Daft Punk, fastueux
crescendo électro
Stéphane Davet à
Belfort, envoyé spécial pour Le Monde
A 2 heures et demie du
matin, l'immense pelouse qui s'étend au pied de la grande scène des Eurockéennes
est encore noire de 30 000 personnes.
Le 30 juin, la journée
d'ouverture de la dix-huitième édition du festival belfortain, qui se terminera
le 2 juillet, a jusque-là déroulé des concerts d'une excitation assez routinière
(Anaïs, Deftones, Arctic Monkeys, The Strokes). Mais on pressent qu'un événement
se prépare derrière le grand rideau sombre. Daft Punk vient de lancer sa
première tournée mondiale depuis près de dix ans. Et ce concert est leur seule
date française.
Le duo formé par les Français Thomas Bangalter et
Guy-Manuel de Homem-Christo (Le Monde du 30 juin) a longtemps fait de la
surprise un mode de fonctionnement. Dans les deux premiers albums (Homework et
Discovery), la découverte de leur musique s'accompagnait nécessairement de
l'étonnement de nouveaux sons et images, mettant en scène leur anonymat via la
naissance d'alter ego cybernétiques. Cette course à la sensation, doublée d'un
don pour les défoulements extatiques, en avait fait des stars internationales de
la génération house et techno.
En 2005, un troisième album
(Human After All) mettait en sourdine cette quête de spectaculaire et décevait
en conséquence.

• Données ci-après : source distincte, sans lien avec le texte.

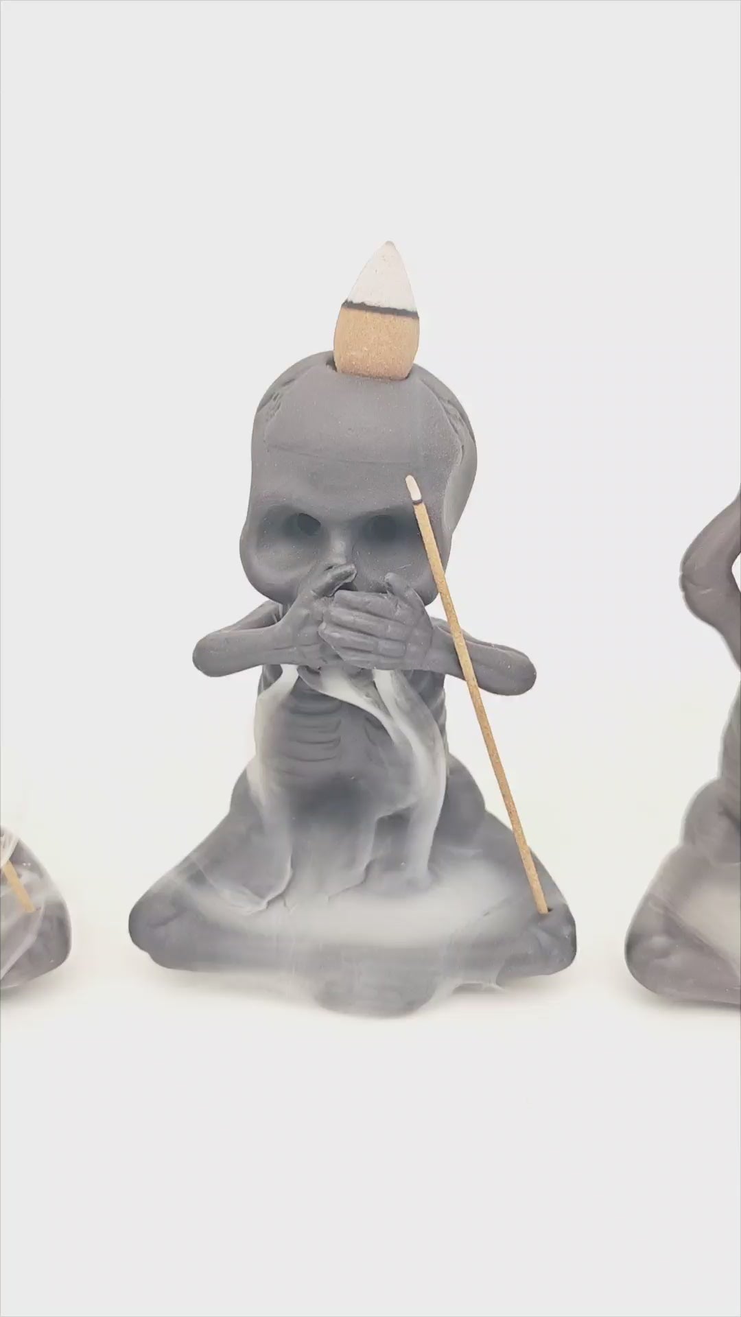 Ceramic Reflux Incense Burner - Decorative Incense Burner Biblo - Artistic Skeleton Figurine Set See Hear Speak No Evil Skeletons Burner 11.5cm BIB-38/39/40

Leur retour sur scène correspond à une remise à niveau de leur
capacité de surprendre.
A la tombée du rideau
apparaît une pyramide, au sommet soulevé comme un chapeau. Retentissent soudain
les cinq notes qui, dans le film Rencontres du troisième type, servaient à
dialoguer avec les extra-terrestres. Sanglés de cuir, coiffés de casques
intégraux futuristes, les Daft prennent alors les commandes en haut du
monument.
TENDUS VERS
L'EFFICACITÉ
Ce ne sont encore que des
contre-plongées de lumières blanches et des lignes blafardes, projetées au son
du mot "robot" épelé au Vocoder, mais la limpidité de la puissance numérique et
la cohérence graphique impressionnent déjà.
Tout n'ira ensuite que
crescendo. Certes, on retrouve l'art originel du groupe, né de l'observation des
meilleurs DJ. Dans leurs ordinateurs, ils ont stocké toutes leurs musiques
mixées dans l'instant, tendues vers l'efficacité de l'impact dynamique et de la
danse. Le duo reste statique sur son perchoir, mais les sons et lumières
fusionnent et virevoltent avec une époustouflante magie. Dans la première
demi-heure, c'est une ruche de néons, de figures dessinées sur des écrans
géants. Puis la pyramide elle-même s'anime d'une géométrie en trois dimensions,
embarquée dans un voyage sidéral.
A chaque seconde son
ébahissement : un concert inoubliable, que des milliers de spectateurs cherchent
à immortaliser sur leur téléphone portable.